La saison des pluies, qui a déjà commencé, s’annonce abondante cette année, et des pertes humaines et matérielles sont à redouter. Par ailleurs, depuis maintenant quatre ans, des groupes armés opérant le long de la frontière nord et dans l'est du pays continuent de tuer et de terroriser les habitants. La communauté chrétienne a été visée à plusieurs reprises, comme dans le diocèse de Kaya, qui a pour évêque Mgr Théophile Naré depuis mars 2019.

Une grande instabilité résulte de ces fréquentes attaques, se traduisant par l'une des vagues de déplacement les plus rapides au monde, avec des centaines de milliers de personnes manquant de nourriture, d’eau et d’un toit.

Mgr Naré fait le point sur la situation sécuritaire dans son diocèse, en particulier depuis le 12 mai 2019, où six personnes, dont un prêtre, étaient tuées pendant la messe dans une église catholique à Dablo.

Entretien avec Mgr Théophile Naré

La situation évolue en dents de scie. Quelquefois, nous avons l’impression que cela va s’arrêter, mais d’autres fois on a envie non pas de désespérer, mais de se décourager, parce que les périodes d’accalmie sont toujours suivies de grandes attaques qui font beaucoup de victimes, des attaques qui provoquent le déplacement d’un nombre encore plus grand de personnes. Je ne sais pas quand on va sortir de ce tunnel, vraiment pas.

Comment cette situation influe-t-elle sur la vie du diocèse et des fidèles?

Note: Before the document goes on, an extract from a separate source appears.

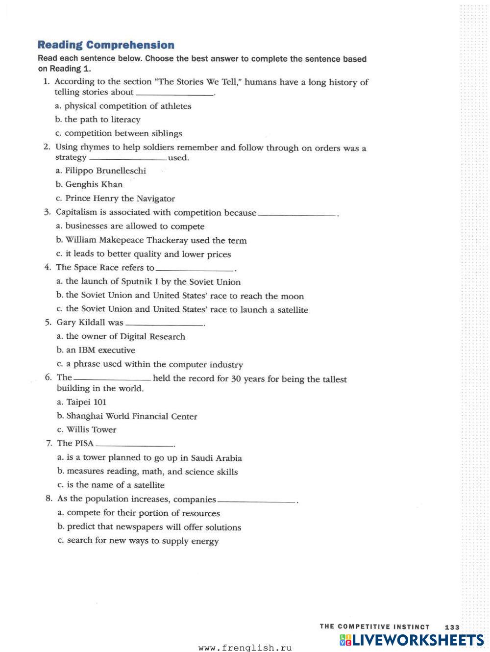 Created byha EFFL Reading123 Edad 9-16 level: inter Vietnamese Instrucciones del autor My Google Classroom Courses × 0 classes selected (0 students total) Quick Access Select all classes (0 classes) All Classes Loading courses... Cancelar Share Share to selected Course __COURSE_NAME__ __STUDENT_NAME__ (__STUDENT_EMAIL__) IR3-U9 Descargar Worksheet Validation Comprobar mis respuestas Emails my answers to my teacher Nombre completo Group/level Asignatura Teacher's email or key code Close Submit Validating worksheet... (12) Your answers have been sent to your teacher. Good luck! OK We encountered an error submitting your answers. Please try again. OK Anuncio | Ir sin anuncios Created byha EFFL Reading123 Edad 9-16 level: inter Vietnamese Instrucciones del autor

Il y a toute une partie du diocèse qui n’est plus accessible à la pastorale ordinaire. Il y a deux paroisses pratiquement fermées. Les catéchistes eux-mêmes ont dû quitter leur village parce que la population est partie, donc s’ils restaient, il n’y aurait personne à «animer». Cela influe aussi sur la vie du diocèse dans la mesure où nos structures d’accueil, par exemple l’Ocades-Caritas, sont très fortement sollicitées pour accueillir les nombreux déplacés qui arrivent à Kaya et dans d’autres localités. Et ils arrivent en grand nombre.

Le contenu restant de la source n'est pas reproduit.